Our approach consists of a computational pipeline that constructs interpretable representations of text and performs perturbations to generate meaningful counterfactuals. The pipeline leverages the sentence's dependency syntax to determine whether pairs of words should be grouped together, segmenting the input sentence into interpretable components. This forms a simplified representation of the sentence as a binary vector. Based on this interpretable representation, the algorithm systematically generates all meaningful removal-based counterfactuals by selectively removing or replacing specific segments. By evaluating model predictions on these counterfactuals, the system quantifies the influence of each input component on the model's prediction through KernelSHAP aggregation.
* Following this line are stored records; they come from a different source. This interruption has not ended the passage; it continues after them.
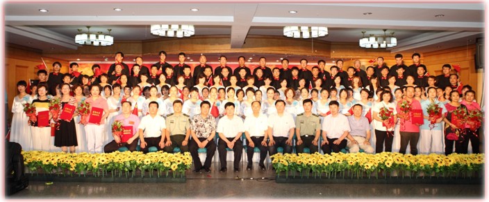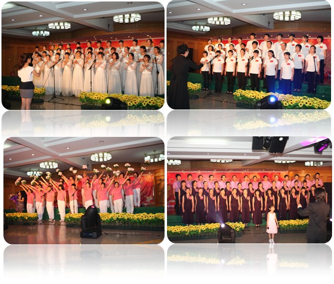 为隆重纪念中国共产党建党90周年,歌颂党的丰功伟绩,重温党的光辉历程,弘扬爱国主义精神,在医院党委的高度重视下,6月29日,潞河医院工会精心组织了“颂歌献党 携手筑和谐”大合唱比赛,党委书记马月明、院长马春光等医院领导应邀观看比赛,比赛以全体演职人员一曲慷慨激昂的《没有共产党就没有新中国》拉开帷幕。来自全院各分工会的合唱节目精彩纷呈,比赛曲目包括《我和我的祖国》、《走向复兴》、《跟着共产党走》、《歌唱祖国》等二十余首红色歌曲,演员们用嘹亮的歌声抒发了潞河医院广大职工的爱党情怀,表达了他们对党生日的美好祝福。本次合唱比赛是近年来医院参与人数最多,规模最大的一次唱红歌大赛,比赛得到了全院各科主任、护士长和支部书记的大力支持和参与。为了保证节目质量,各分会主席积极组织筹备,演员们克服了时间紧、工作忙等困难,利用业余时间积极参加排练。为了使比赛做到公平、公正,医院工会专门聘请了专业老师为各支参赛队伍评比打分,最终药剂科分会、手术室麻醉科分会分别获得了比赛一等奖。医院的离退休老干部们也不示弱,他们不顾天气炎热,为职工们分别演唱了《我和我的祖国》、《你是灯塔》两首红色歌曲。来自总参谋部陆航部通信站的士兵们还为职工们友情出演了《听党指挥》,战士们嘹亮的歌声、整齐的动作令职工们赞叹不已。最后,医院“潞河之声”合唱团表演的歌曲《潞河之声》、《清风吹来的时候》和《山丹丹开花红艳艳》把本次合唱比赛推向了高潮。本次的“颂歌献党 携手筑和谐”大合唱比赛,不仅为党的90岁生日增添了喜庆气氛,同时也为提高职工的文化素养,增加职工团队的凝聚力发挥了积极作用。
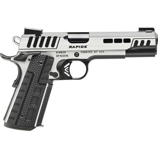 The RAPIDE(SCORPIUS) (DN,NS). A truly unique 1911 with stepped cocking serrations, slide lightening cuts for faster Slide lock-up and DLC coated barrel for extreme durability. Equipped with Kimber Stiplex TM front strap stippling and Black G10 Rapide patterned grips for extra griping confidence. Kimpro Black finish with brush polished flats finish off the striking looks.
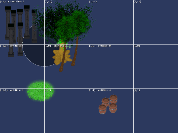 Scenes in Ethanon Engine are partitioned into several rectangular buckets, which allows many software optimizations to take place.
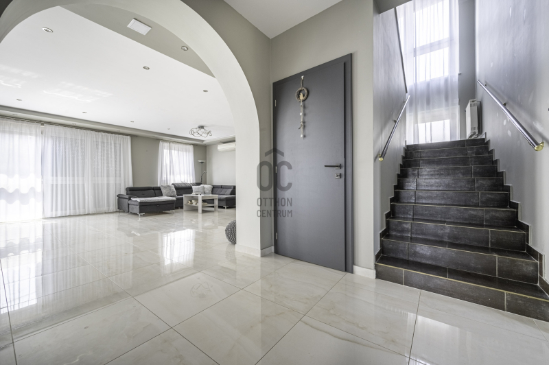 Az ingatlant tágas és világos terek jellemzik, az alsó szinten levő nappali bárpulttal, és a földszinten levő nappali, egyaránt 60-60 m2, és déli fekvésűek. Minden szinten, beépített hatalmas tükrös szekrények. Fedett gépkocsi tároló, 3 autó részére. A közeli Halmi erdőbe, mely 5 perc kényelmes sétára található, kiváló sportolásra és kikapcsolódásra, ad lehetőséget.
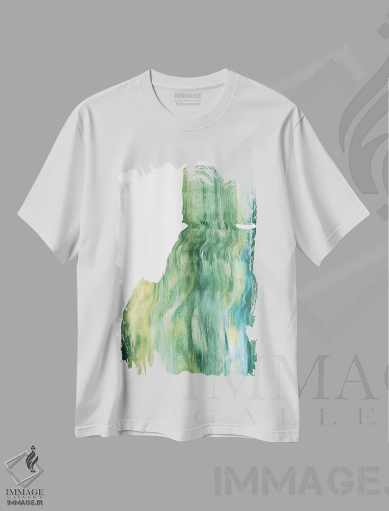 تیشرت سفید طرح دار تعبیر اسکله ۱، آبستره اثر اما کارولین | فروشگاه ایماژ تیشرت طرح دار تعبیر اسکله اثر اما کارولین
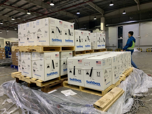 Hơn 2 triệu liều Pfizer về đến sân bay Tân Sơn Nhất ngày 10/12. (Ảnh: Tổng lãnh sự quán Mỹ tại TP.HCM)
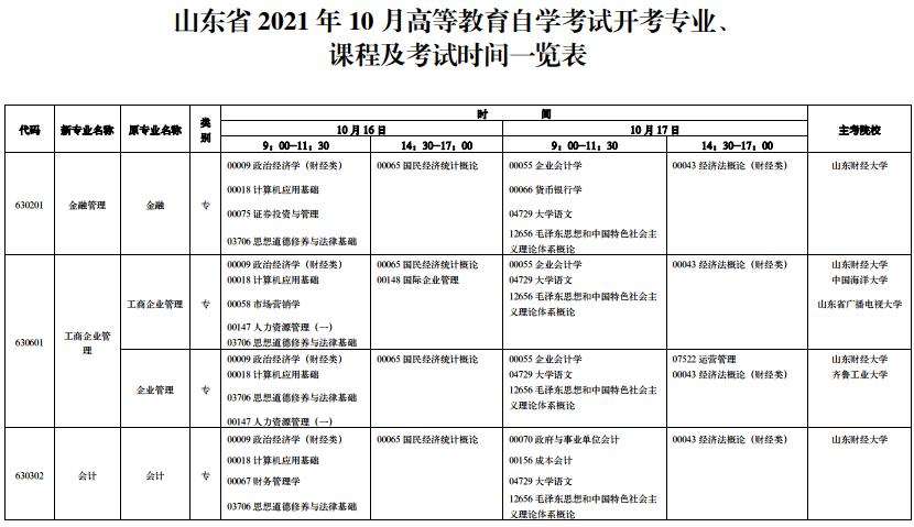 點擊查看完整版>>>山東省2021年10月高等教育自學考試開考專業(yè)、課程及考試時間一覽表
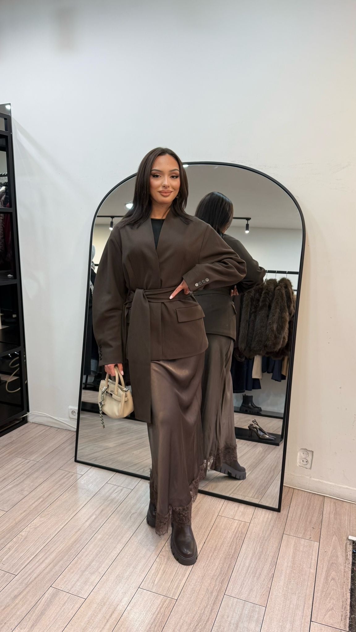 - jupe satinée avec dentelle
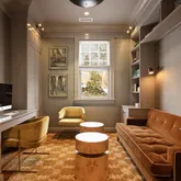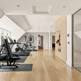 The third floor is devoted to wellness and work with a gym featuring an activity wall, steam bath and sauna, private massage spa room, additional bedrooms with en-suite baths, and beautifully appointed offices—including one connected to the primary suite by a spiral staircase and dressing room.
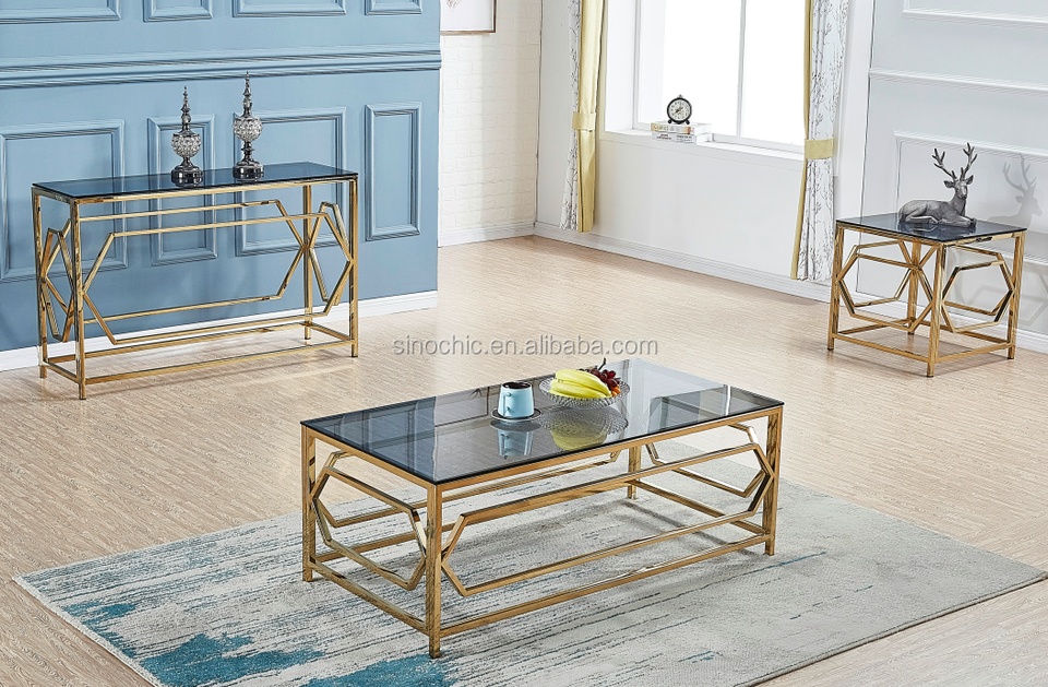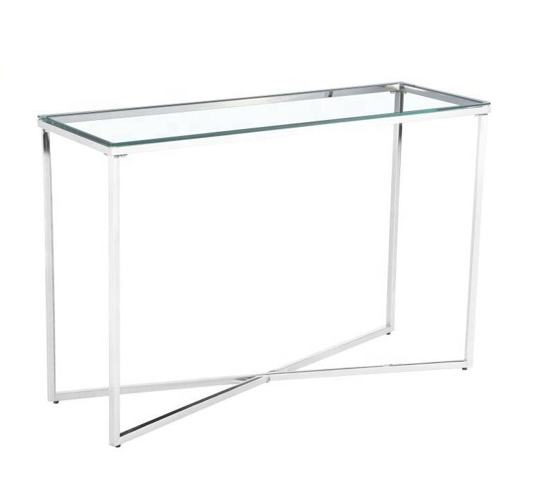 Nom du produit:Console d'angle chromée, console longue avec miroir, transparente
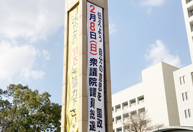 衆院選の投票日を知らせる懸垂幕(豊橋市役所で)
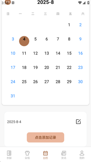 3、档案记录功能可智能生成穿搭日历,便于用户进行回顾与规划。
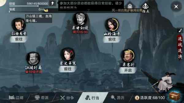 再把也是19级开启的华山论剑也打个10把,顺便熟系一下职业技能 。无论胜负,10把之后32级;30级后开启行当玩法,记得选择一个适合的行当身份。
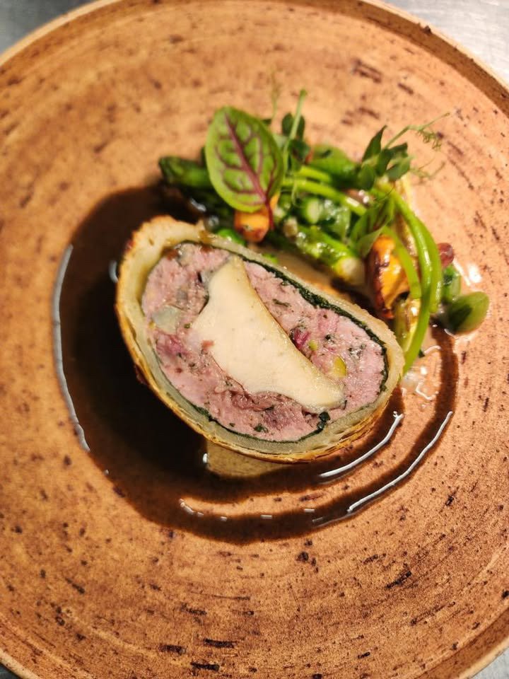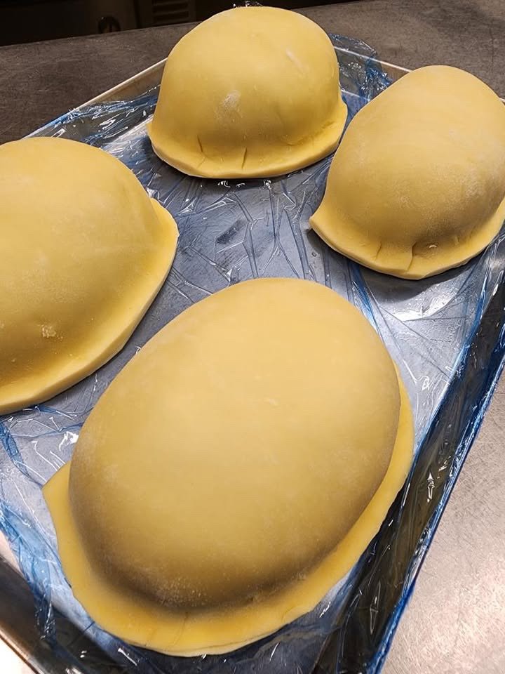(6)パイ生地で包み、卵黄を塗ってレイエを入れます。
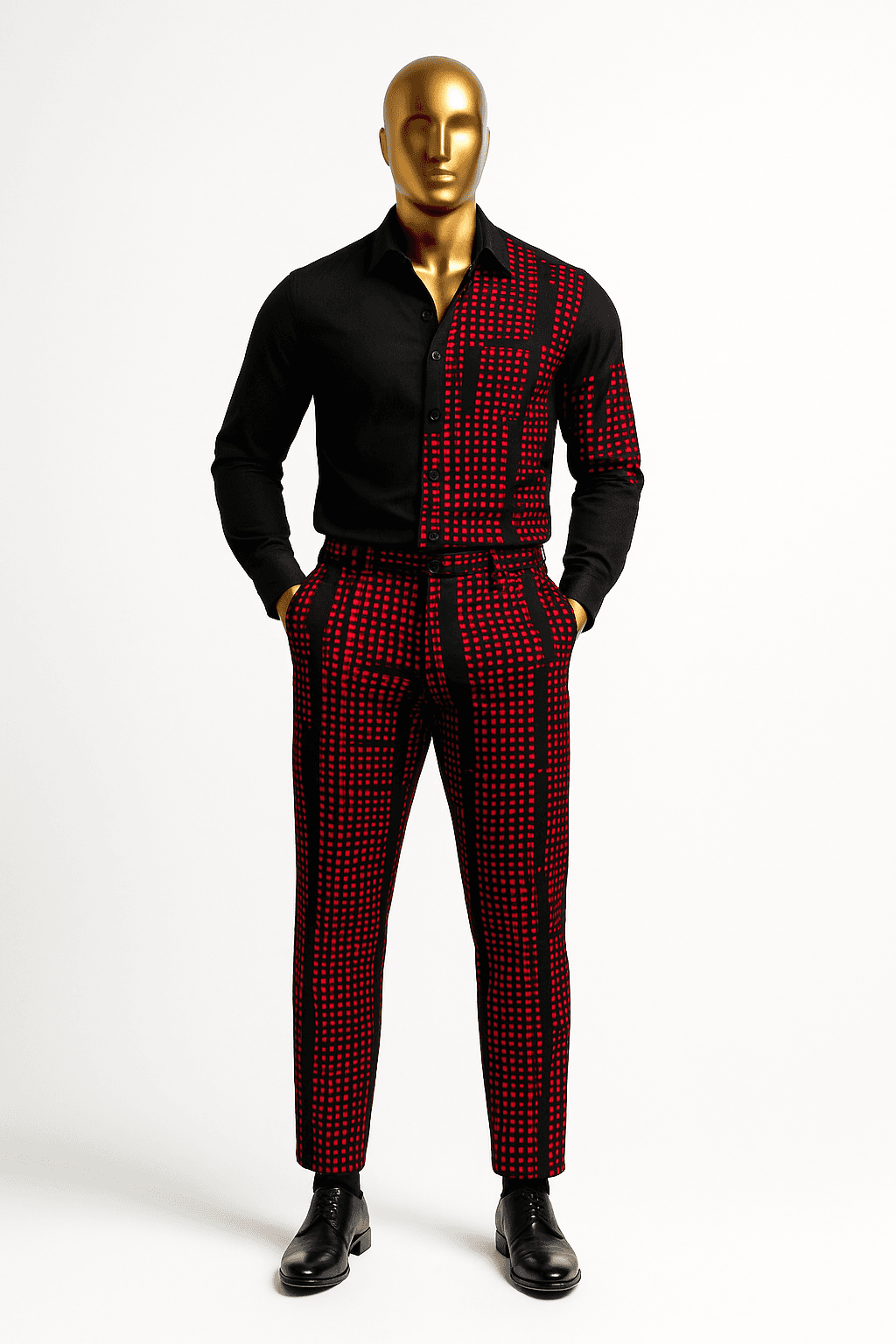 Bold red brocade jacket with large black and gold geometric medallion patterns throughout. The fitted blazer-style cut with long sleeves creates sharp, tailored silhouette. White placket down the center provides contrast while black cuffs add definition. Wear over white shirt and black trousers for maximum impact. This isn't subtle—it's designed to turn heads. The brocade fabric gives luxurious weight and drape while the red and black combination is undeniably powerful. Perfect for performers, creative professionals, and confident dressers who want to make memorable entrances. The jacket styling offers versatility—button it up or wear it open depending on the vibe.
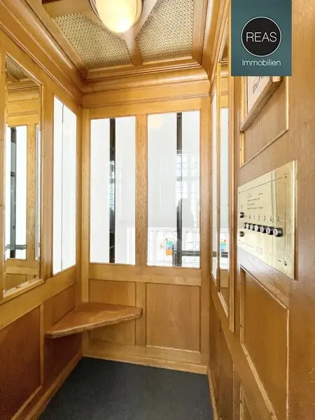 Das Apartment befindet sich im Hofteil des Gebäudes (Ruhelage) im Dachgeschoss und ist per Lift erreichbar. Dieser wurde aufwendig modernisiert und hat trotzdem seine klassische Optik behalten. Das Haus ist in einem Top-Zustand. Der Eingangsbereich, das Stiegenhaus, der Lift etc. sind sehr repräsentativ.
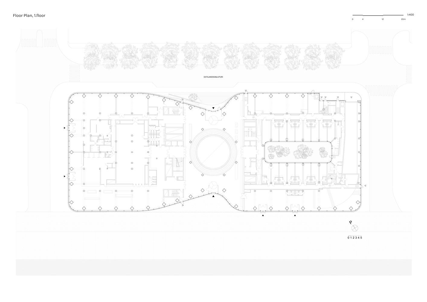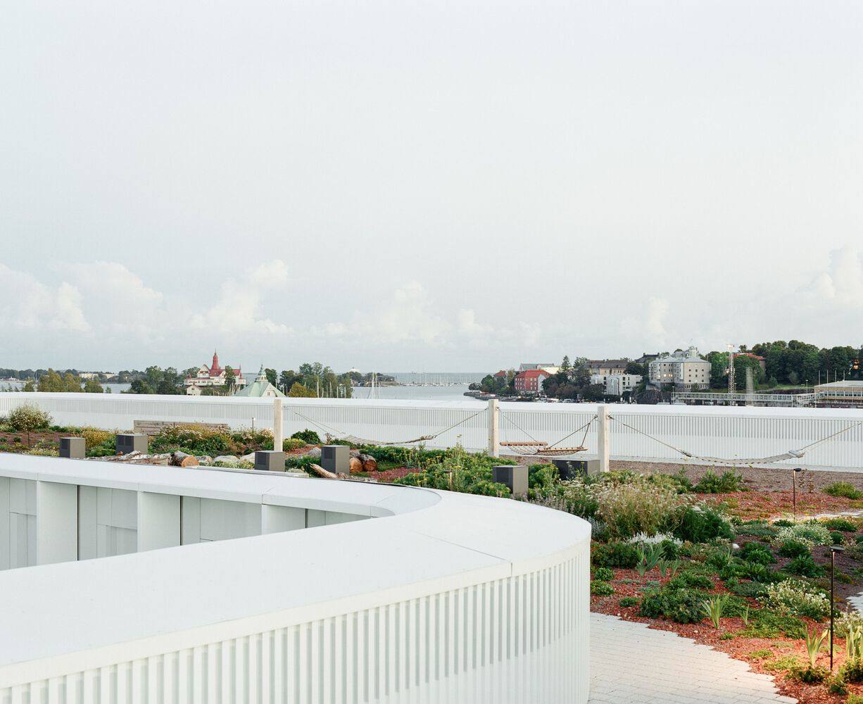 城市文脉的巧妙回应与创新:项目在城市文脉的融入上展现了建筑师的匠心独运。它位于具有历史意义的卡塔亚诺卡滨水区,设计在延续赫尔辛基新古典主义城市轮廓的同时,通过立面蜿蜒的形态打破了建筑的体量感,实现了与周围建筑的多样化和层次感的和谐统一。项目不仅将滨水区过渡为一个开放的城市公共空间,还通过立面材料的选择和室外空间的设计,将建筑与周围环境紧密联系,例如立面采用的Viitasaari灰色花岗岩,以及庭院中的桦树林和屋顶上的群岛草地,都体现了对场地文脉的尊重和对自然元素的巧妙运用,提升了建筑的整体品质。

The resulting attribution scores are visualized to support user exploration and understanding.
We evaluate LLM Analyzer through a hypothetical use case, a user study, and feedback from XAI and NLP experts. In the user study with eight participants, we explored how users interact with the system when interpreting LLM behaviors and evaluated its usability and usefulness. Participants found the system easy to use and useful for understanding LLM behaviors, particularly when exploring what-if scenarios and addressing How to be questions. Additionally, we conducted interviews with three NLP researchers and three XAI researchers, each with between three and over ten years of experience. Experts from both domains found the system design to be concise and easy to comprehend, presenting a comprehensive overview of numerous functionalities.
Based on feedback from both users and experts, we outline two directions for future research and discuss the limitations of our system. The explanation process is inherently interactive, evolving through a dynamic exchange between the explainer and the explainee. A deeper understanding of this process can inform the development of more effective explanation tools that enhance both explanatory efficiency and user experience. For free-form text generation tasks, such as creative writing or complex reasoning, defining appropriate evaluators becomes much more challenging. We believe that logic-based evaluators offer a promising solution in these cases, as they are more general and better equipped to handle the variability inherent in natural language.
This paper presents LLM Analyzer, an interactive visualization system with an efficient counterfactual generation algorithm designed to support LLM practitioners and users in understanding LLM behaviors. The system facilitates interactive counterfactual generation and analysis, enabling users to actively engage in the exploration of LLM responses by varying target instances and analyzing outcomes at customizable levels of granularity. We conducted experiments demonstrating that our counterfactual generation algorithm is both time-efficient and capable of producing high-quality counterfactuals. Additionally, a user study and expert interviews with professionals in NLP and XAI validate the system's usability and usefulness. Our findings underscore the importance of involving humans as active participants in the explanation process, rather than as passive recipients of explanations.